Symmedian in Right Triangle II - solution 2

Consider $\Delta APX.$ It has the segment $AM_a$ as a median, and, its centroid $G$ $AM_a.$ If $Q$ is the midpoint of $AX,$ then $PQ$ is another median of $\Delta APX.$ Therefore, $G$ divides $PQ$ in the ratio $PG : GQ =2:1,$ and $Q$ is the complement of $P$.

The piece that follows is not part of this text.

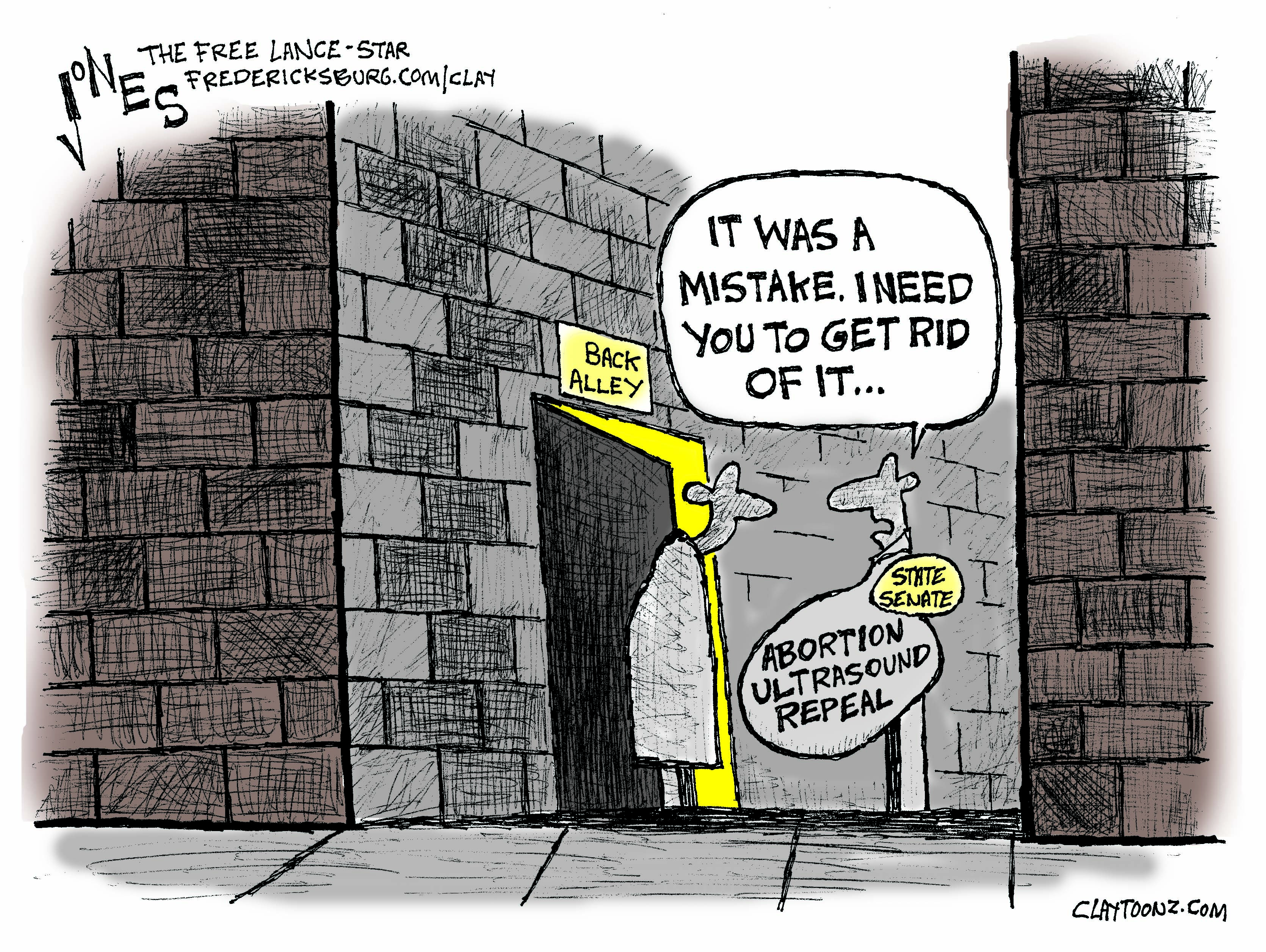 Last week a Democrat in the State Senate introduced a bill to repeal the ultrasound law. It passed but one conservative Democrat said they voted wrong, so they voted again. It passed again but ANOTHER conservative Democrat said they too had voted wrong. I guess that “yay or nay” thing can be very confusing when you’re dragging knuckles. The confused Democrat demanded another opportunity to change his vote, or to vote again. I guess he made a mistake and wanted to correct it. See? Irony. Well they didn’t vote again.

Similarly, the same point $Q$ is the midpoint of $BY$ and $CZ.$ It follows that $\Delta XYZ$ is oppositely congruent to $\Delta ABC$ at $Q.$

Affine solution

The midpoint of side $BC$ is defined by $\displaystyle\frac{B+C}{2},$ whereas the fact that $X$ is the reflection of $A$ in that point tells us that it is also the midpoint of the segment $PX$ so that $\displaystyle\frac{B+C}{2}=\frac{P+X}{2},$ or,

$B+C=P+X.$

Similarly, $C+A=P+Y$ and $A+B=P+Z.$ Taking the difference of the latter two results in

$C-B=Y-Z,$

meaning that $BC=YZ$ and $BC\parallel YZ,$ or, in other words, that $BCYZ$ is a parallelogram whose diagonals $BY$ and $CZ$ intersect in their midpoints. Similarly we obtain that $AX$ and $BZ$ also share the midpoints, so that all three coincide. Finally, $BC=YZ$ and, similarly, $AB=XY$ and $AC=XZ,$ making triangles $ABC$ and $XYZ$ congruent.

Acknowledgment

I am grateful to Emmanuel Antonio Jose García for bringing his article to my attention.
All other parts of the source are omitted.